*** Opening Provided material ***

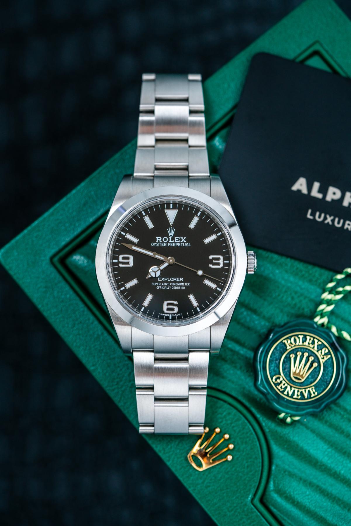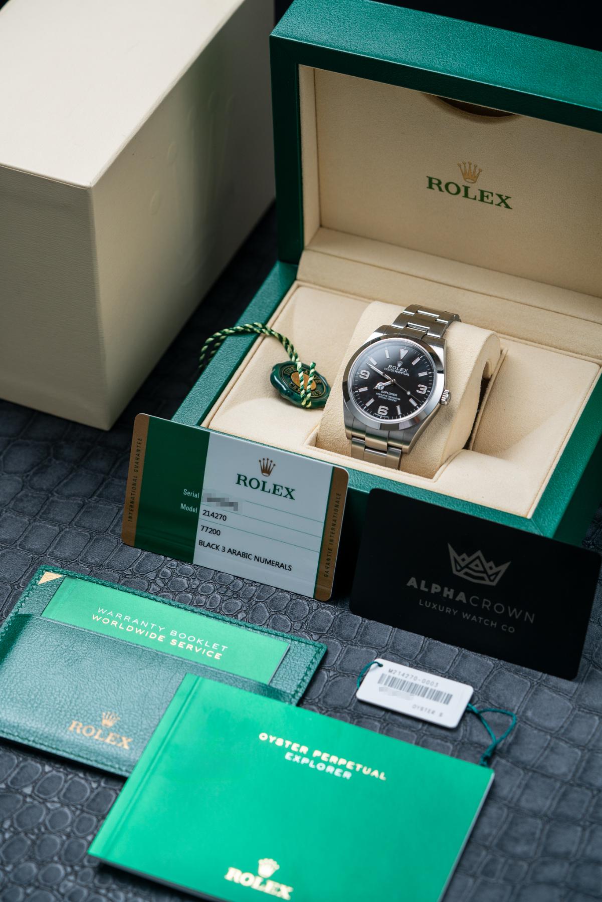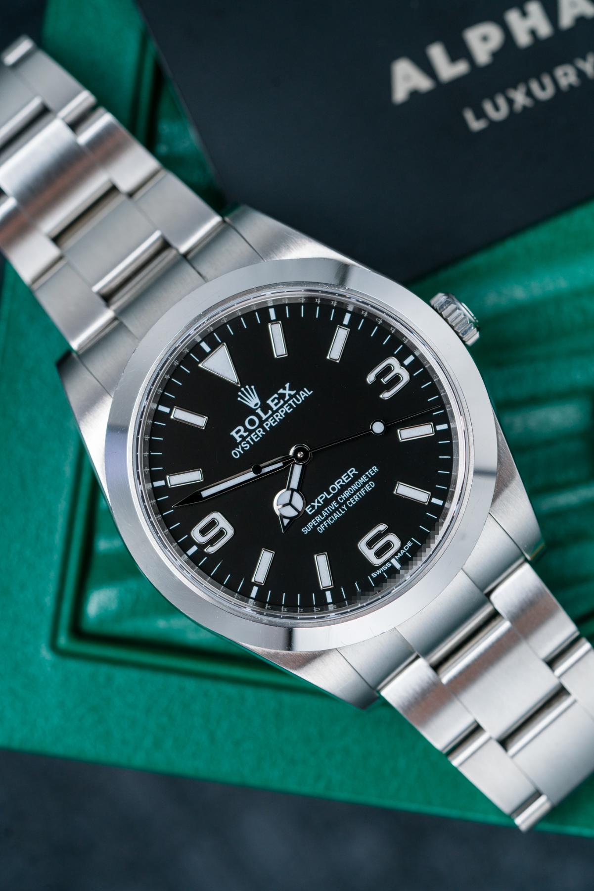 The Rolex Explorer I 214270 is a modern classic built for precision and endurance. Crafted from Oystersteel, it features a 39 mm case with a smooth bezel and a durable Oyster bracelet. The black dial showcases the signature 3-6-9 Arabic numerals and Chromalight luminous markers for superior visibility. Powered by the Caliber 3132, it delivers a 48-hour power reserve, Parachrom hairspring, and Paraflex shock absorbers for exceptional reliability. Water-resistant to 100 meters, the 214270 blends adventure-ready toughness with refined simplicity, making it a versatile Rolex for explorers and everyday wear alike.
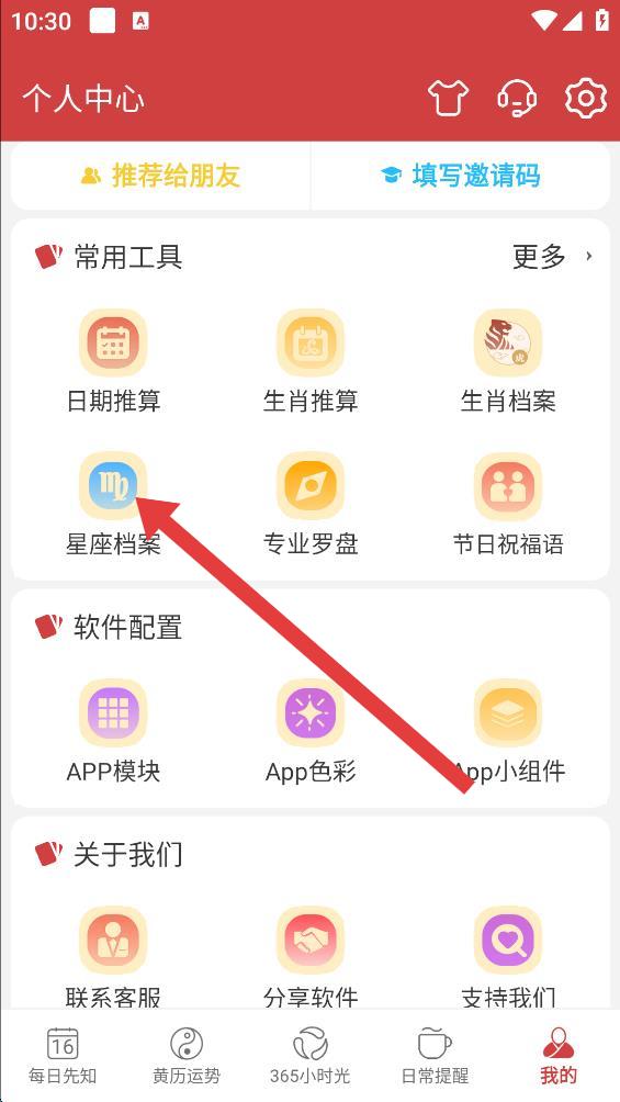 2、在个人中心下滑,找到常用工具板块,点击星座档案图标。
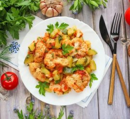 Кабачки с куриной грудкой, сыром и помидорами, запеченные в духовке, — это вкусное и сытное блюдо. Вот рецепт: Ингредиенты: Инструкции: 2. В глубокой сковороде разогрейте оливковое масло и обжаривайте куриную грудку до золотистой корки. Убедитесь, что она приготовилась хорошо с обеих сторон. Удалите куриную грудку из сковороды. 3. Нарежьте кабачки на тонкие кольца и помидоры
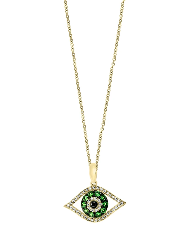 Effy Tsavorite (1/5 ct. t.w.) & Diamond (1/8 ct. t.w.) Evil Eye 18" Pendant Necklace in 14k Gold

*** Closing Provided material ***

Write out exactly the lines running from the one with "2、在个人中心下滑,找到常用工具板块,点击星座档案图标。" through the end of the material, both ends included, while leaving the pictures out.

 2、在个人中心下滑,找到常用工具板块,点击星座档案图标。
 Кабачки с куриной грудкой, сыром и помидорами, запеченные в духовке, — это вкусное и сытное блюдо. Вот рецепт: Ингредиенты: Инструкции: 2. В глубокой сковороде разогрейте оливковое масло и обжаривайте куриную грудку до золотистой корки. Убедитесь, что она приготовилась хорошо с обеих сторон. Удалите куриную грудку из сковороды. 3. Нарежьте кабачки на тонкие кольца и помидоры
 Effy Tsavorite (1/5 ct. t.w.) & Diamond (1/8 ct. t.w.) Evil Eye 18" Pendant Necklace in 14k Gold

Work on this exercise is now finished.